See the Inspect Extensions listing for the full set of available sandbox providers.
Instance Methods
A custom SandboxEnvironment implements the instance methods below, which provide access to process execution and file input/output within the environment. These form the core contract that tools rely on, so it is important to implement them with the documented exception behaviour.
exec()
async def exec(
self,
cmd: list[str],
input: str | bytes | None = None,
cwd: str | None = None,
env: dict[str, str] = {},
user: str | None = None,
timeout: int | None = None,
timeout_retry: bool = True,
concurrency: bool = True
) -> ExecResult[str]:
"""
Raises:
TimeoutError: If the specified `timeout` expires.
UnicodeDecodeError: If an error occurs while
decoding the command output.
PermissionError: If the user does not have
permission to execute the command.
"""
...The exec() method should enforce an output limit of SandboxEnvironmentLimits.MAX_EXEC_OUTPUT_SIZE (default 10MB, configurable via the INSPECT_SANDBOX_MAX_EXEC_OUTPUT_SIZE environment variable) and front-truncate its output to the limit when it is exceeded.
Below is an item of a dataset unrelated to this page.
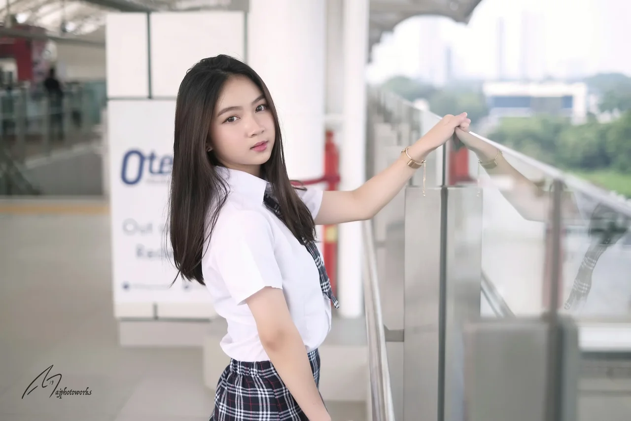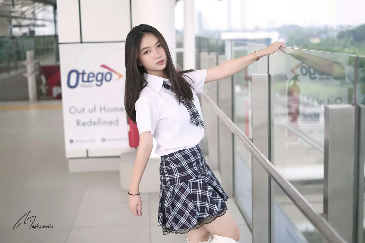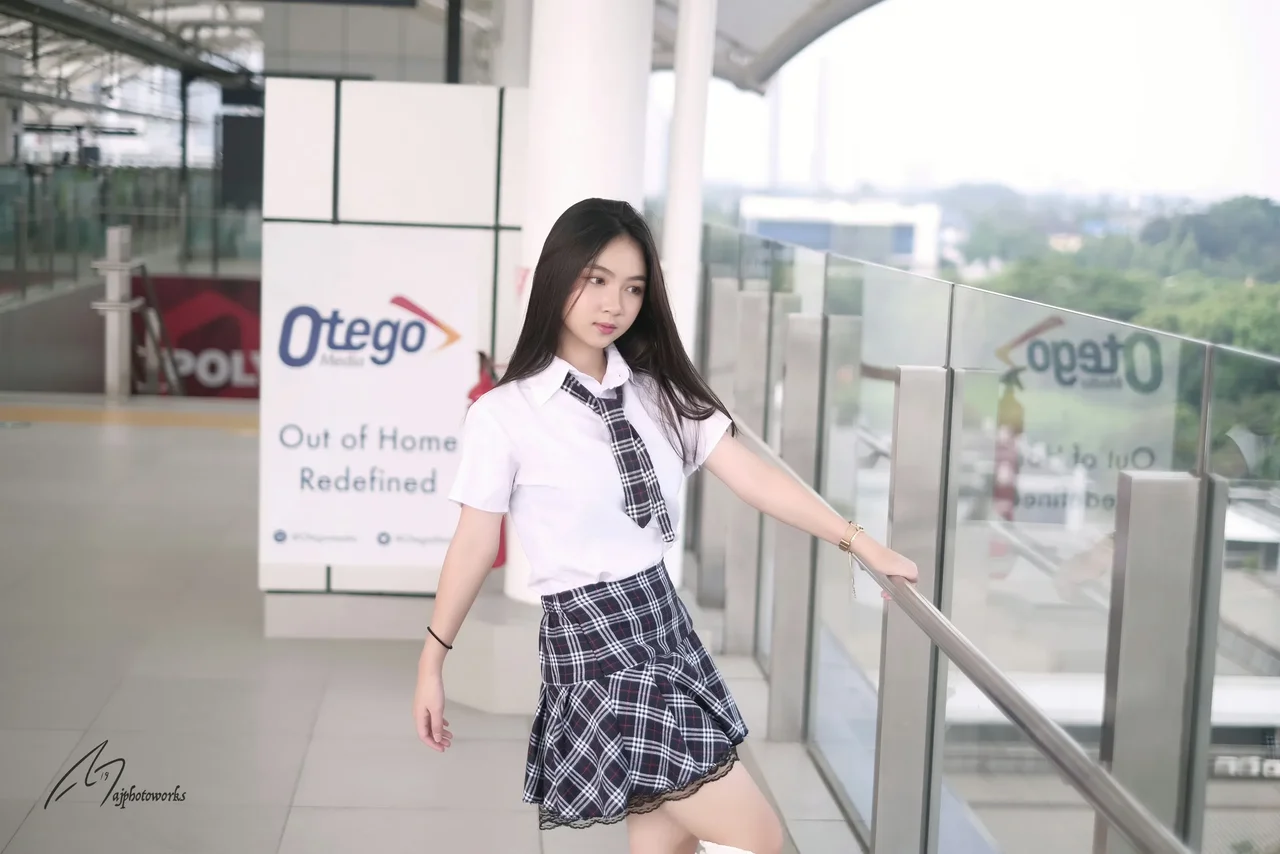 A modern fashion portrait of a confident young woman in a school-inspired outfit, blending urban commercial elements with soft daylight.
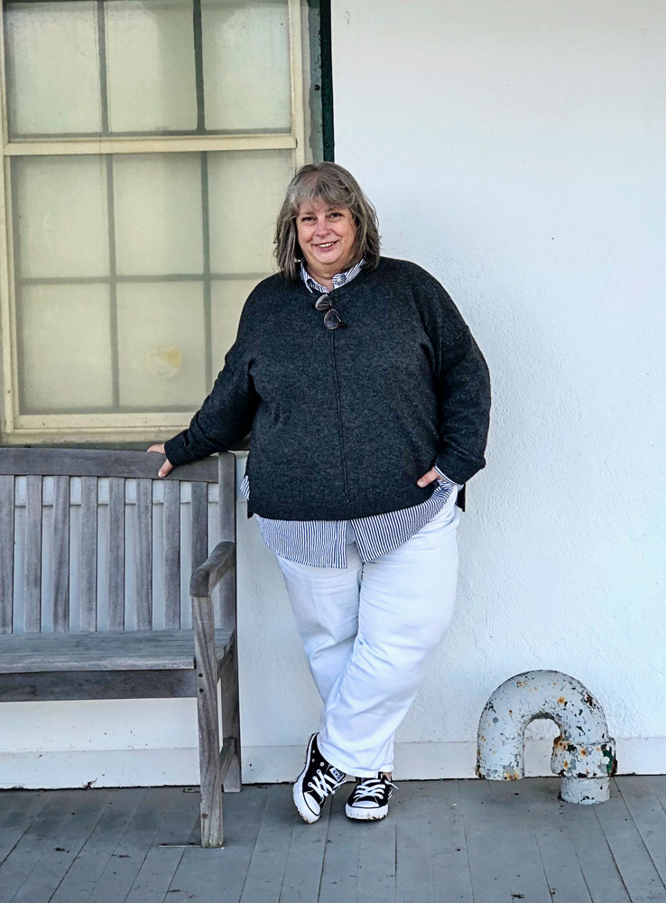 Bringing it back full circle to the formula I’ve got here..if this was just a sweater over jeans…it would be fine. But I think the layering and the little details of shirt peeking out at collar, cuffs, and bottom add a little sumthn sumthn.

To deal with potential unreliability of container services, the exec() method includes a timeout_retry parameter that defaults to True. For sandbox implementations this parameter is advisory (they should only use it if potential unreliability exists in their runtime). No more than 2 retries should be attempted and both with timeouts less than 60 seconds. If you are executing commands that are not idempotent (i.e. the side effects of a failed first attempt may affect the results of subsequent attempts) then you can specify timeout_retry=False to override this behavior.
write_file()
async def write_file(
self, file: str, contents: str | bytes
) -> None:
"""
Raises:
TimeoutError: If the operation times out.
PermissionError: If the user does not have
permission to write to the specified path.
IsADirectoryError: If the file exists already and
is a directory.
"""
...Note that write_file() automatically creates parent directories as required if they don’t exist.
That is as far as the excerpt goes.